The dream plays a large part in making of mice and men a tragedy. The dream is the one thing that makes the situation the men are in at all bearable. However no men before ever achieved the dream and with George and Lennie from the start it seems inevitable that their dream in the end will too fail. The dream is built up to the point where it seems it couldn’t fail. George had not believed it at first treating it like a story; he tells it ‘rhythmically as though he had said them many times before,’ However When Candy joins the dream it becomes a reality; he says:
‘I bet we could swing her!’ The fact that the dream has been built up so much, like a fairy tale in which these men escape the society they hate, makes it more tragic when they lose it.
There is an inevitability that Lennie will end up doing something really dangerous. At the start of the book he kills the mice, then he breaks Curley's hand and then he kills the dog. The book is building up to a climax we know that even when George thinks it will happen as he says to Lennie:
‘If you jus happen to get into trouble like you did before come and hide in the brush,’ We retain sympathy for Lennie. Steinbeck doesn’t want us to see Lennie as dangerous and horrible. His simple childlike unawareness makes us always realise that when Lennie does something bad he doesn’t realise. He has no control of idea of his own strength. This makes his death seem very tragic we don’t feel like he deserves to die even if killing him was the right thing for George to do.
The imagery used in of mice and men makes it a tragedy. The constant reference to Lennie as a ‘bear’ and his ‘paws’ make us realise that Lennie is little more than an animal, which makes the foreshadowing with Candy’s dog more effective. The reference to animals also incorporates survival of the fittest, Lennie like is not clever enough to survive and in the end he is killed because of this. Steinbeck uses a method of starting and ending chapters and the whole book with the same image. We see this in chapter four with Crooks. The thee men cover a lot of ground and start to break down prejudices when they talk to each other. However Curley's wife breaks it up by reminding Crooks of his place in an unchanging society. Crooks is left ‘rubbing his back’ the same lonely activity he was doing at the start of the chapter. Steinbeck is showing the reader that whatever happens society and prejudice stay unchanged.
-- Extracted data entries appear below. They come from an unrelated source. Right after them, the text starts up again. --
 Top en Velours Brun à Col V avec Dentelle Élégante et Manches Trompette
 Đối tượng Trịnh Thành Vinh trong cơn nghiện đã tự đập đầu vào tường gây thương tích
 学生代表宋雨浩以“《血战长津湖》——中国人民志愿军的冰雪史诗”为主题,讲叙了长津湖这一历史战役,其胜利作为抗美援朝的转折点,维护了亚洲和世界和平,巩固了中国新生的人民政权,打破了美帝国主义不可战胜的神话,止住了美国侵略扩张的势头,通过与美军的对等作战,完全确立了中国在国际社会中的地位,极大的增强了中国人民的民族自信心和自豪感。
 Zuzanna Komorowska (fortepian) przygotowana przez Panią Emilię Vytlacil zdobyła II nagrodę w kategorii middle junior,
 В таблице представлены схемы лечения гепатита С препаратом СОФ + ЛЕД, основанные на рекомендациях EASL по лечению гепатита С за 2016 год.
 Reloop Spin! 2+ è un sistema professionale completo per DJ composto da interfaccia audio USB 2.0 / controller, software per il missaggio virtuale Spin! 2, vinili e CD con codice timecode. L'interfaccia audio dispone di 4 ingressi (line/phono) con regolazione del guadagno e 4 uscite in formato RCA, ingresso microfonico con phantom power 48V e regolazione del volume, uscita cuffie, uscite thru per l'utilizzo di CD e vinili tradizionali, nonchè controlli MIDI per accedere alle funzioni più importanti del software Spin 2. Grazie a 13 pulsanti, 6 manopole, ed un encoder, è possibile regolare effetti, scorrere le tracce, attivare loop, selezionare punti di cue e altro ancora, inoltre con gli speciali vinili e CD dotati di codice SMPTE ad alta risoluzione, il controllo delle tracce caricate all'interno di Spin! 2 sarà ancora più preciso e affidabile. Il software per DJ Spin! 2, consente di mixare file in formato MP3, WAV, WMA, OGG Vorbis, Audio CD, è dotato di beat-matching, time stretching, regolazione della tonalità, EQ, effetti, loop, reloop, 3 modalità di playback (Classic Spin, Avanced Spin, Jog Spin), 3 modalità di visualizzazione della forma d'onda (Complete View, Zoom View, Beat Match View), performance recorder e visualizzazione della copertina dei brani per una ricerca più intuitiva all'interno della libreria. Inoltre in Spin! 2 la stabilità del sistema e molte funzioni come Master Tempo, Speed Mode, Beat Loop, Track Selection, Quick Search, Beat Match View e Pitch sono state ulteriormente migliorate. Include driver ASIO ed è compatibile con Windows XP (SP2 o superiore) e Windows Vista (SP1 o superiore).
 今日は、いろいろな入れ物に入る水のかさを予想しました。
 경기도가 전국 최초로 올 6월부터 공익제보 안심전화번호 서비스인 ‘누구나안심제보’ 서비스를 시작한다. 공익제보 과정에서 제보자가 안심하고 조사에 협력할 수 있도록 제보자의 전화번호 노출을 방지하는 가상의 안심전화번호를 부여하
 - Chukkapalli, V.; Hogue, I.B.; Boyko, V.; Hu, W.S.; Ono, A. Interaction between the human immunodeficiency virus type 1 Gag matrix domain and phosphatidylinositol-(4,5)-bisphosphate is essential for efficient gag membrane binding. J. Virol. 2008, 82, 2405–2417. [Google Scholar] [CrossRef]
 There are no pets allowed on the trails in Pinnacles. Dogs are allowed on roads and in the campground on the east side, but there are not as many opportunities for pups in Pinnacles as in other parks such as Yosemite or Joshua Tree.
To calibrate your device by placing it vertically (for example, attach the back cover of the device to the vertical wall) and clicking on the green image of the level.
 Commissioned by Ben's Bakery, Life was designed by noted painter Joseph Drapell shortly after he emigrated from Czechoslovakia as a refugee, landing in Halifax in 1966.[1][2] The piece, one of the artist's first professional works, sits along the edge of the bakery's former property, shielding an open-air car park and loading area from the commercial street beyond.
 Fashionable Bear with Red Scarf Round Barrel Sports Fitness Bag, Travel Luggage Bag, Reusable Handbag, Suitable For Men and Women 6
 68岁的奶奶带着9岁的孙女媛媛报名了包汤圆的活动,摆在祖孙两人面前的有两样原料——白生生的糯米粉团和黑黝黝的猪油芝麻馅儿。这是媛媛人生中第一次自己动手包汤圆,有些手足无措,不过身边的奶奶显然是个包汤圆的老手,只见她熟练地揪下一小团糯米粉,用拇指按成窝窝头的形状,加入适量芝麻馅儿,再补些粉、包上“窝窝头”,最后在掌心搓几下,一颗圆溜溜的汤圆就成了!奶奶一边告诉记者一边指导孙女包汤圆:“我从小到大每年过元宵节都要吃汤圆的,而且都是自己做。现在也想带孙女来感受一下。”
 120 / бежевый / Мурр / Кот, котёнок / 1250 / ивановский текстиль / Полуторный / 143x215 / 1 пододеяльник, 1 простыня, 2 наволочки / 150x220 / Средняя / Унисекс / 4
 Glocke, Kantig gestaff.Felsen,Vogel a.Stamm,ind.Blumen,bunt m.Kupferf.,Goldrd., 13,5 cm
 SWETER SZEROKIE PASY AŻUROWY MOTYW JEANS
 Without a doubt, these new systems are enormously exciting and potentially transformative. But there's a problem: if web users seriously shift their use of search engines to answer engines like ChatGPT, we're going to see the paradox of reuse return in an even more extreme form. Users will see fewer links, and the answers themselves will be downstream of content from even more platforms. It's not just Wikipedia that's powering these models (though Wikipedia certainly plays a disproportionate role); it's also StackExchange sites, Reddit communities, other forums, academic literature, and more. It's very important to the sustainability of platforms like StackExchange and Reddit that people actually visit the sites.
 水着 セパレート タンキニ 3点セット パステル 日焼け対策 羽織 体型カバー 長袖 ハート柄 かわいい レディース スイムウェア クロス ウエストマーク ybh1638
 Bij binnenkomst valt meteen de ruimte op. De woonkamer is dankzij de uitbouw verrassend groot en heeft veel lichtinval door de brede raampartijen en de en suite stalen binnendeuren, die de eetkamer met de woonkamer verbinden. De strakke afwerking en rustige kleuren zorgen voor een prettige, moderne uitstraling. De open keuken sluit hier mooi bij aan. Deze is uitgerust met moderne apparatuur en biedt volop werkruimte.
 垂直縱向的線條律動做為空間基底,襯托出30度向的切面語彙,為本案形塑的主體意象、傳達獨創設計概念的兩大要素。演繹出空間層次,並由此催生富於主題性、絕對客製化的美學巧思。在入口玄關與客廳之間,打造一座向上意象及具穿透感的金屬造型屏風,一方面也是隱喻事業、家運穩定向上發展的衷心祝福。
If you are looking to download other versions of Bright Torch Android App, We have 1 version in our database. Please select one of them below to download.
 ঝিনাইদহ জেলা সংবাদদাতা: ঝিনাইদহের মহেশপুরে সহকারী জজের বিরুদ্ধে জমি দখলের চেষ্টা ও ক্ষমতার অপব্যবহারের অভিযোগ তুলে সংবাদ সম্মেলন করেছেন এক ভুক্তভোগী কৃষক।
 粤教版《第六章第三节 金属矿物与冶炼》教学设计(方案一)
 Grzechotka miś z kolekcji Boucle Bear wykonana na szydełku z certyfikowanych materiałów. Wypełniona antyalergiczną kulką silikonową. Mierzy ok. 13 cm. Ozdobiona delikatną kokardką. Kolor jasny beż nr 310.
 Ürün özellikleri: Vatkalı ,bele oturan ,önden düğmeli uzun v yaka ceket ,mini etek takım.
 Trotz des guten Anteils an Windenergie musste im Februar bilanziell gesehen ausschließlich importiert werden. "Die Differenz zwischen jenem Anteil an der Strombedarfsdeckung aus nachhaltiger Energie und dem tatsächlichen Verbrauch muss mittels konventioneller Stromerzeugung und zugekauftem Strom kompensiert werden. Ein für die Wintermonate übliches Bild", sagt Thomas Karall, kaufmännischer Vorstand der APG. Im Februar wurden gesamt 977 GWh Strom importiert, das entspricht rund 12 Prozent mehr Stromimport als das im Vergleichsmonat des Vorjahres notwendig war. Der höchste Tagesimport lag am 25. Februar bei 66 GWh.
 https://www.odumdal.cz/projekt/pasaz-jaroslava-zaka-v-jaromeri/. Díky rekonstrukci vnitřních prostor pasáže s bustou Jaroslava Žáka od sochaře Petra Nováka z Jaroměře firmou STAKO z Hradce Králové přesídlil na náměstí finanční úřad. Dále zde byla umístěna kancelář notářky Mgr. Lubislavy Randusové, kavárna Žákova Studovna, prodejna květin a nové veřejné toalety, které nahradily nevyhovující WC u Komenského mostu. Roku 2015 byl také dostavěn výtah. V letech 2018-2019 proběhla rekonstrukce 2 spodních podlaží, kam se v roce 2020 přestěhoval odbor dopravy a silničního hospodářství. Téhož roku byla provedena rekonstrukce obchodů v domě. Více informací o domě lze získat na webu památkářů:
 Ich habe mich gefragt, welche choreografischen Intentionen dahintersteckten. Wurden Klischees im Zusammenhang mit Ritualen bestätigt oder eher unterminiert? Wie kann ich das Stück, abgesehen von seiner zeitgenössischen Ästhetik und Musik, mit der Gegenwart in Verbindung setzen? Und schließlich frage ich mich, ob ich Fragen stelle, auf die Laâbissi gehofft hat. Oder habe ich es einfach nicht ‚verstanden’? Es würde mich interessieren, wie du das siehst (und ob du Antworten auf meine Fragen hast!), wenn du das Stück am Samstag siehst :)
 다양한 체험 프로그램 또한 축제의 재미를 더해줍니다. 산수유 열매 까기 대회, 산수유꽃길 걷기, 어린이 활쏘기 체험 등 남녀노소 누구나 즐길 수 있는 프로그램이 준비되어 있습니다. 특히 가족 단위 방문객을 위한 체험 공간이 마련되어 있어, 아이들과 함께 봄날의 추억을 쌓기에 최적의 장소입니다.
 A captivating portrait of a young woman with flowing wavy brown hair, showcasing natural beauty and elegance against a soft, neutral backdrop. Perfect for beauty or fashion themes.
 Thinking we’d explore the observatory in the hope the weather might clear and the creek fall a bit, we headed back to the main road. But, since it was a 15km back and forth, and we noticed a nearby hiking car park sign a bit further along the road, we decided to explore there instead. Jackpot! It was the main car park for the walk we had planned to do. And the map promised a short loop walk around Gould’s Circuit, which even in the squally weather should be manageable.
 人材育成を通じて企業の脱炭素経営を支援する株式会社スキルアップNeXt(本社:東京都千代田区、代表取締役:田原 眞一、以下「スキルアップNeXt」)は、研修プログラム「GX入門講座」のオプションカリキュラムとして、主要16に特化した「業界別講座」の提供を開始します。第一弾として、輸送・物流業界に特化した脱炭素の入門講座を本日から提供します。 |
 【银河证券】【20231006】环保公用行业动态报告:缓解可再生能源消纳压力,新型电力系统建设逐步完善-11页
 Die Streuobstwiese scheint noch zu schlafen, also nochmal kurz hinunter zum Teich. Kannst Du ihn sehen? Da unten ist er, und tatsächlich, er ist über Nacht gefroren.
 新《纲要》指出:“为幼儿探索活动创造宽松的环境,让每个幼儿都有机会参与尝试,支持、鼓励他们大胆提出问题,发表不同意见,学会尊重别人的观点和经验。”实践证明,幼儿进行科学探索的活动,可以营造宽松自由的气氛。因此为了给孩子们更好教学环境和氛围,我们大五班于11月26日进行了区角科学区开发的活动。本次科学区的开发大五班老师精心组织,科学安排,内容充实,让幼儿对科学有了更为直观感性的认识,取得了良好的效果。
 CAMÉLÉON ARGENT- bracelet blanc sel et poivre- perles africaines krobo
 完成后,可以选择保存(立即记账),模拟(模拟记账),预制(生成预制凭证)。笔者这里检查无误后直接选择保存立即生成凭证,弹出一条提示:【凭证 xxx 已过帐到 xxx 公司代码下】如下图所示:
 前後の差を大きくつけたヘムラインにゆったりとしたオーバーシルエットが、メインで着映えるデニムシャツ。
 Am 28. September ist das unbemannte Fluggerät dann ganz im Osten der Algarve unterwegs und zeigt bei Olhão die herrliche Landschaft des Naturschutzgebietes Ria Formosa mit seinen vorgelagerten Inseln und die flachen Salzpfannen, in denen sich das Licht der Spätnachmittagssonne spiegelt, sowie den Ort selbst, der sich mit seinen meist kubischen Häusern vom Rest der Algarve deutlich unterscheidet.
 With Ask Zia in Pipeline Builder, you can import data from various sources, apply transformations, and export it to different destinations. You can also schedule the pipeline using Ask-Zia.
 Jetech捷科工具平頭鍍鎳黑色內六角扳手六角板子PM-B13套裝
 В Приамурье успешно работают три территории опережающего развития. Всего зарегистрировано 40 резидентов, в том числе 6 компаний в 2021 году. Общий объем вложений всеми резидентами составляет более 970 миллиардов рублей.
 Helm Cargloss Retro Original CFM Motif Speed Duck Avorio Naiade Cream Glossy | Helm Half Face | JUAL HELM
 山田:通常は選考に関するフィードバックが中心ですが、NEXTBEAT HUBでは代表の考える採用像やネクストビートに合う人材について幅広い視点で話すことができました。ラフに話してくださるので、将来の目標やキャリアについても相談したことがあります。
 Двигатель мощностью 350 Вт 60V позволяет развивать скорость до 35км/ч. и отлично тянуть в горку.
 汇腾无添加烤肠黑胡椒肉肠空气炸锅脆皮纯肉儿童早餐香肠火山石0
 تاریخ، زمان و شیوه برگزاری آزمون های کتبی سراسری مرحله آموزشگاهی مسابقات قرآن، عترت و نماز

The title of the book ‘of mice and men’ illustrates the feeling of the book. It is from a poem by Burn. The poem talks about a field mouse trying to survive. It is about trying to survive over a greater force and how this goes wrong. This is foreshadowing what will happen later in the book. This makes the failure of the dream seem inevitable which helps to make ‘of mice and men’ a tragedy.
Curley’s wife’s life was tragic. She had dreams of doing things she clearly would never achieve and spent her life unhappy and disliked. Steinbeck wants to tell the reader about how American Society in itself was a tragedy. By using the techniques talked about above he can enforce his point by making ‘of mice and men’ a tragedy.